***** Data extracts
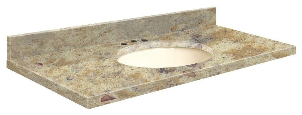 Transolid engineered quartz is produced from 93% quartz under extreme high pressures to yield a top that is hard, stain and heat resistant with a consistent color throughout. Transolid quartz tops never need sealing, polishing or reconditioning and are practically care-free. They are exceptionally hard, making them resistant to cracks, chips, scratches and stains for years of trouble-free beauty. All include an undermount oval china bowl and 4-in loose backsplash.
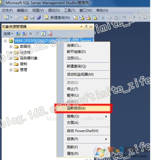 7. 右鍵數(shù)據(jù)庫服務(wù)器名,選擇【重新啟動(dòng)】,重啟SQL Server 2014
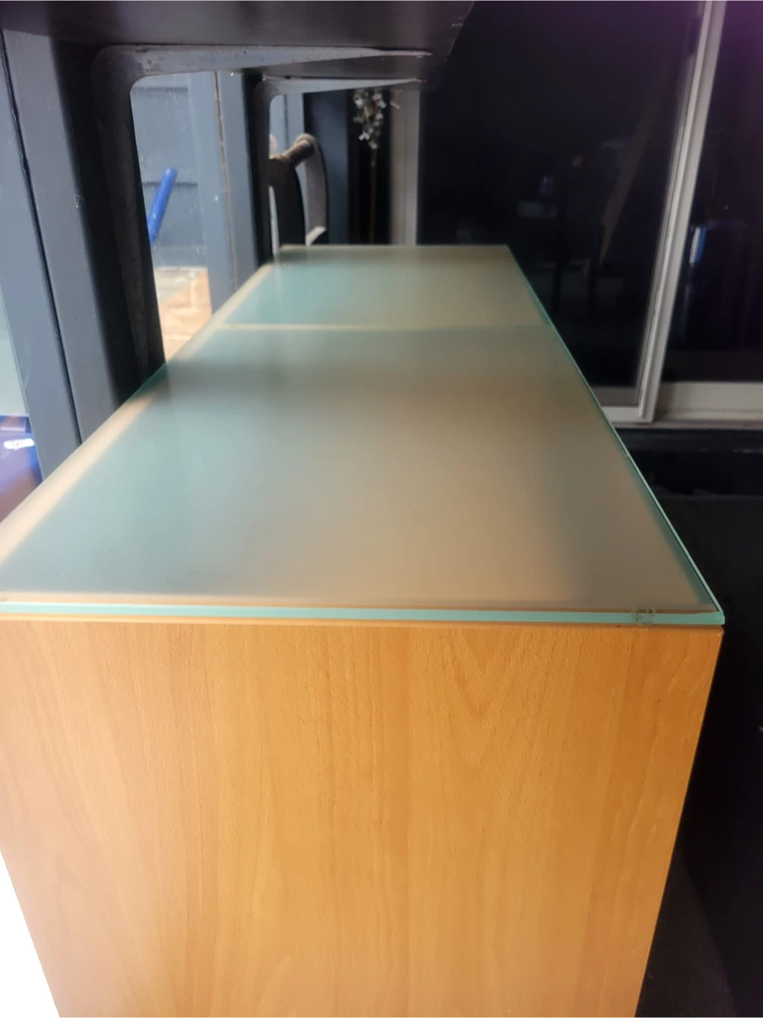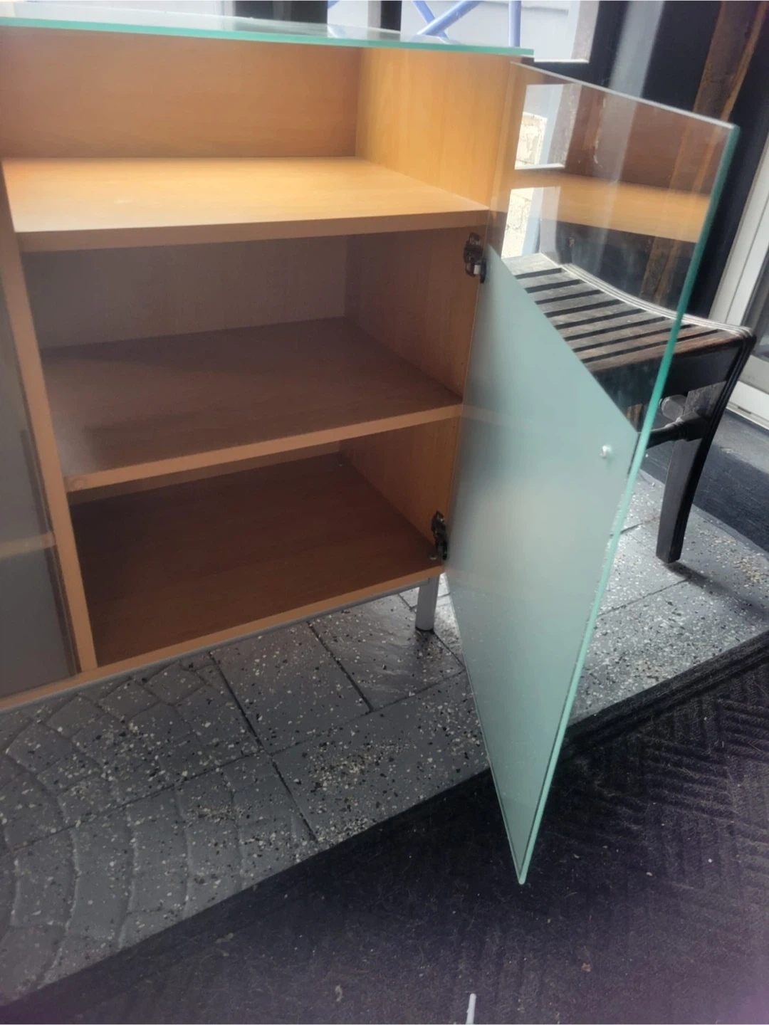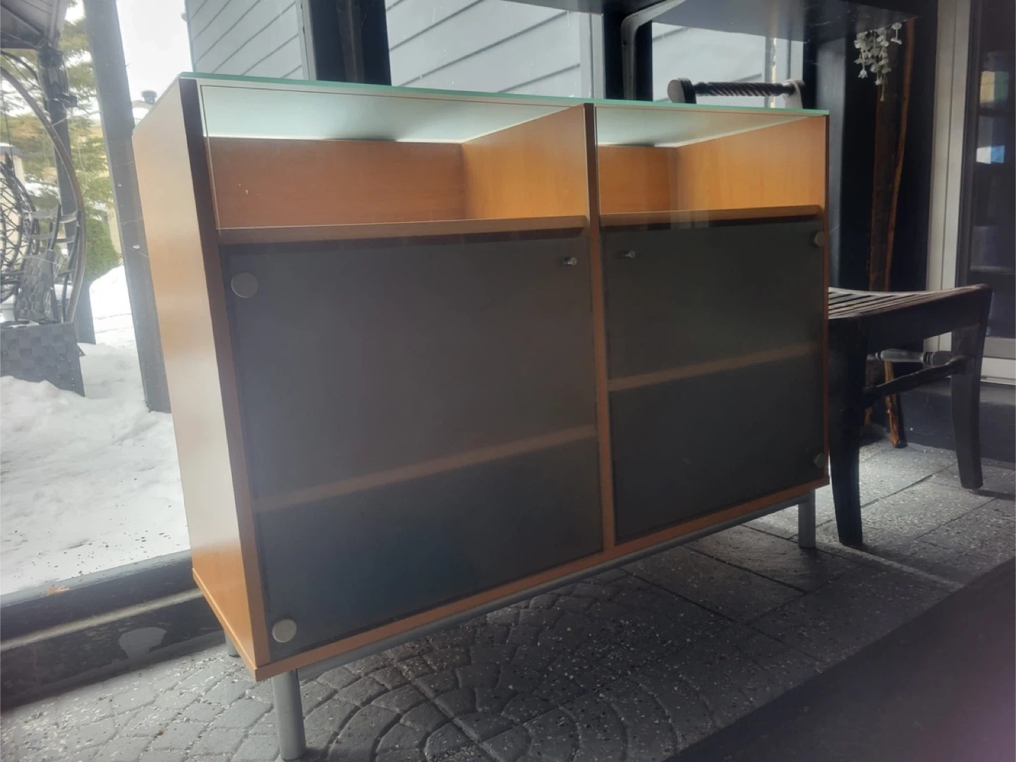 Selling a display cabinet featuring glass doors. It has a wood frame and metal legs. It's in good condition and would be great for displaying your favourite items or storing things neatly!
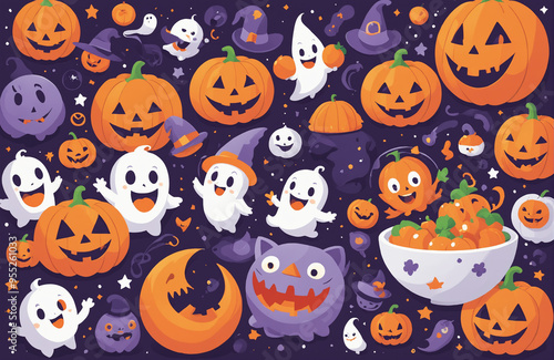 cute halloween festival illustration pattern background cartoon with ghost and pumpkin
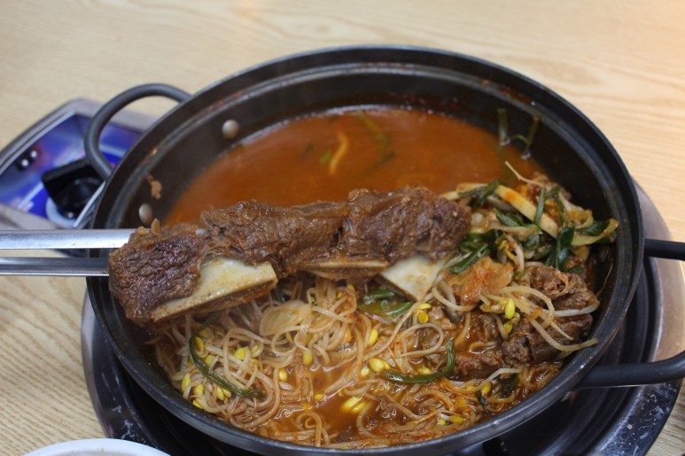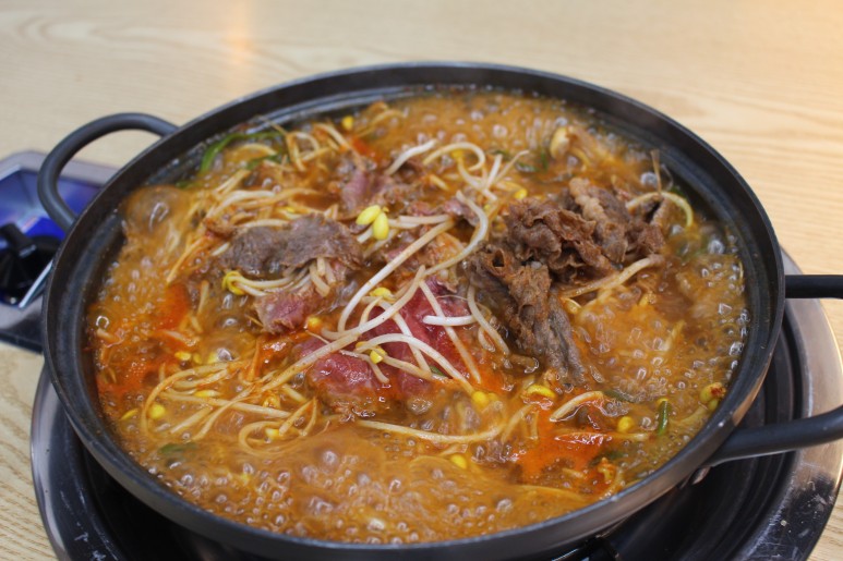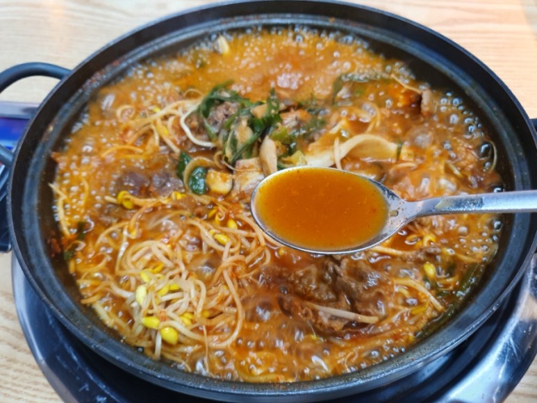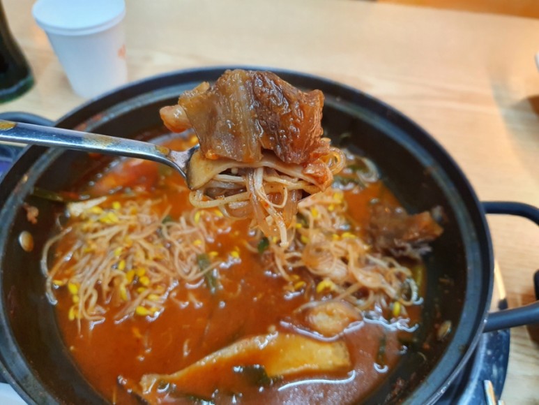 밑에콩나물,버섯,야채,갈비,당면이들어있었습니다.보글보글 끓으면직원이 알아서잘만들어주기때문에비주얼을보고놀랄필요없습니다.
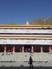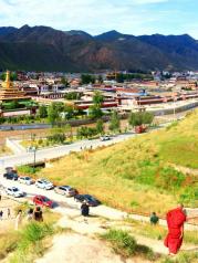 拉卜楞寺,坐落在甘南夏河县县城境内,海拔约3000米。中国 藏传佛教格鲁派六大寺庙之一,寺内有医学院等六大学院和18个庙堂。拉卜楞寺景区外围建设了大量的转经筒环绕景区一周,无数虔诚的信徒和旅游者在转着转经筒。景区周边有停车场,四周都是山,覆盖着或多或少的植被、树木。一个藏传佛教信徒的心灵家园。
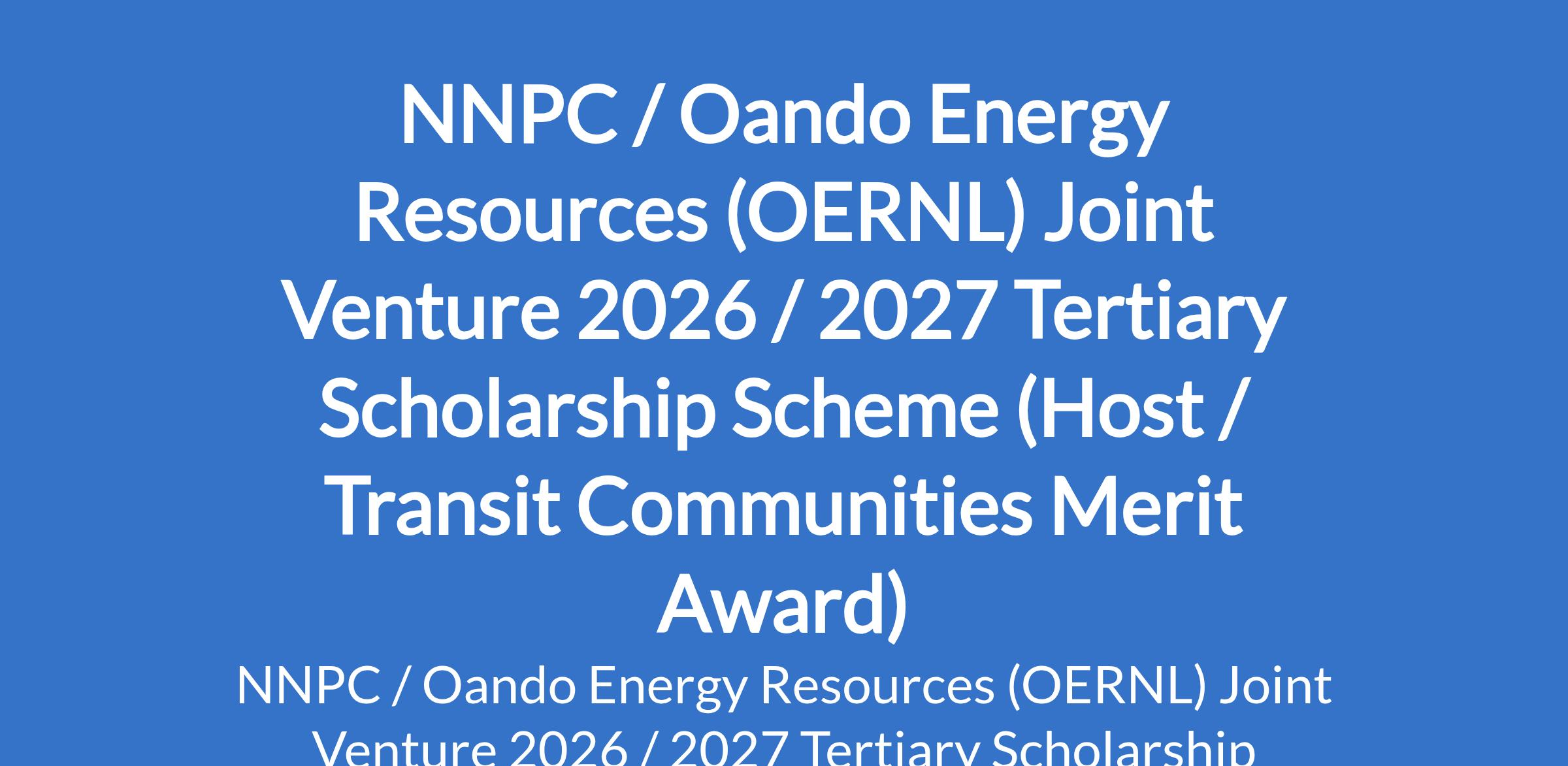 Oando Energy Resources Nigeria Limited (OERNL), operator of NEPL / OERNL joint venture invites applications from suitably qualified candidates for the 2026 / 2027 NEPL / OERNL Joint Venture Tertiary Scholarship Scheme (Host / Transit Communities Merit Award). The scholarship is for registered full-time undergraduates (certified 100 level students) in Nigerian Tertiary Institutions. The award is for applicants strictly from Oando Host / Transit Communities.
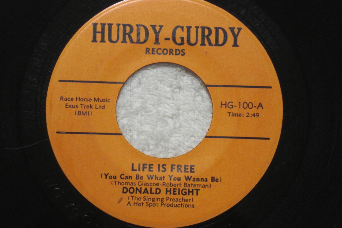> USシングル盤45’ Donald Height : Life Is Free (You Can Be What You Wanna Be) / De Da Da (Hurdy-Gurdy HG-100) A
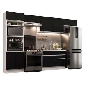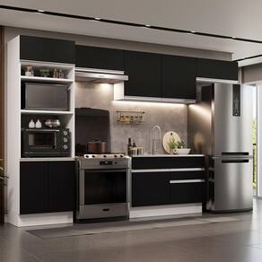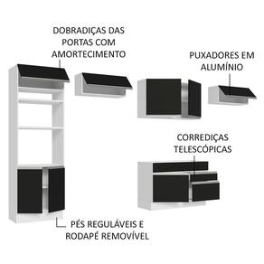 O acabamento da estrutura é branco e as portas e frentes são pretas. É feito em Pintura Poliéster ecológica com sete camadas, que destaca a tonalidade e protege o móvel.
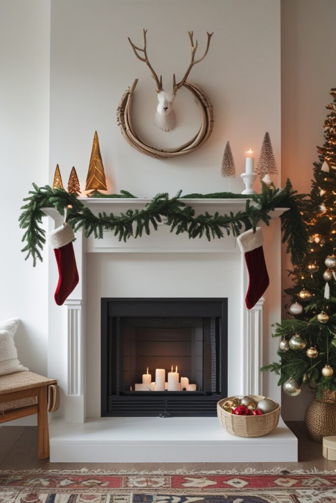 Now decorate it for Christmas with a mini garland, a single stocking, and a holiday throw draped too casually.
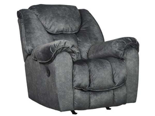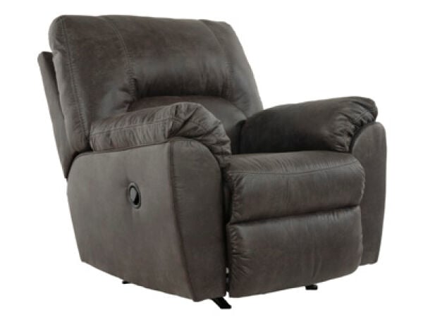 Lancer Rocking Recliner With its pillow top arms and tall, curved back featuring detailed channel-stitching, our Lancer Rocking Recliner delivers a large dose of casual style. Simply use the convenient handle on the outside arm to raise the legrest for reading, relaxing or watching TV. When you’re not reclining, it’s a relaxing rocker with a smooth, graceful motion. Make it yours with your choice of fabrics and other available upgrades. • Ultra-comfortable family favorite recliner • Rocks and reclines for total comfort • Adjust the legrest with a convenient side-mounted handle • 3-position locking legrest for added safety and support • Double-picked blown fiber fill for improved cushion loft and shape retention • High grade foam seat cushions that maintain their comfort and appearance Dimensions: • Body Depth: 40.0″ • Body Height: 41.5″ • Body Width: 37.0″
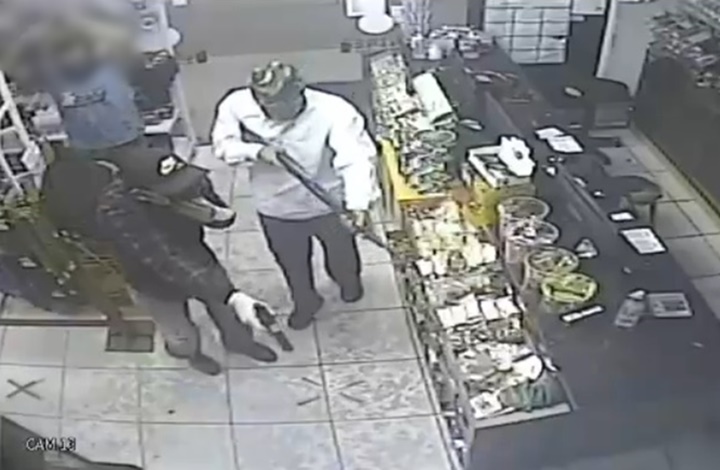 Um dos bandidos tinha uma arma curta (aparentemente uma pistola) e o outro uma arma de cano longo. Eles chegaram pela parte dos fundos do estabelecimento, renderam clientes e dois funcionário que estavam do lado externo e os obrigaram a entrar na loja de conveniências.
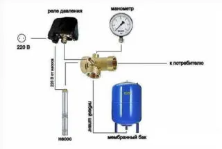 Чтобы уменьшить стоимость комплекта напорного оборудования, можно применить схему подключения скважинного насоса только с реле давления без управляющего блока. Устройство отключает помпу, когда напор достигнет максимума, и запускает ее при уменьшении показателей до минимума.
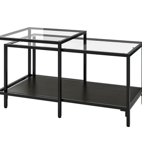 IKEA Alfred Homann sofabord med metallramme og glassplate. Designet for bruk i stue eller oppholdsrom, egnet for oppbevaring og plassering av gjenstander.
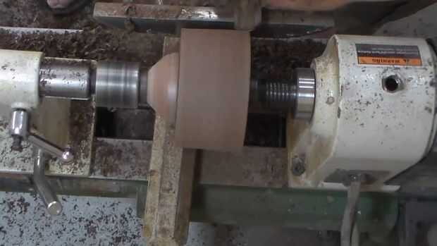 Así que empecé con un bloque de madera de 2" de espesor y 3" Plaza. La giré entre centros en el torno para redondear las esquinas y arena hasta grano 220.
**********
* Exercise: Copy nothing but the lines from the first one in the listing through the line with "拉卜楞寺,坐落在甘南夏河县县", and omit the pictures.

* Your response:
 Transolid engineered quartz is produced from 93% quartz under extreme high pressures to yield a top that is hard, stain and heat resistant with a consistent color throughout. Transolid quartz tops never need sealing, polishing or reconditioning and are practically care-free. They are exceptionally hard, making them resistant to cracks, chips, scratches and stains for years of trouble-free beauty. All include an undermount oval china bowl and 4-in loose backsplash.
 7. 右鍵數(shù)據(jù)庫服務(wù)器名,選擇【重新啟動(dòng)】,重啟SQL Server 2014
 Selling a display cabinet featuring glass doors. It has a wood frame and metal legs. It's in good condition and would be great for displaying your favourite items or storing things neatly!
 cute halloween festival illustration pattern background cartoon with ghost and pumpkin
 밑에콩나물,버섯,야채,갈비,당면이들어있었습니다.보글보글 끓으면직원이 알아서잘만들어주기때문에비주얼을보고놀랄필요없습니다.
 拉卜楞寺,坐落在甘南夏河县县城境内,海拔约3000米。中国 藏传佛教格鲁派六大寺庙之一,寺内有医学院等六大学院和18个庙堂。拉卜楞寺景区外围建设了大量的转经筒环绕景区一周,无数虔诚的信徒和旅游者在转着转经筒。景区周边有停车场,四周都是山,覆盖着或多或少的植被、树木。一个藏传佛教信徒的心灵家园。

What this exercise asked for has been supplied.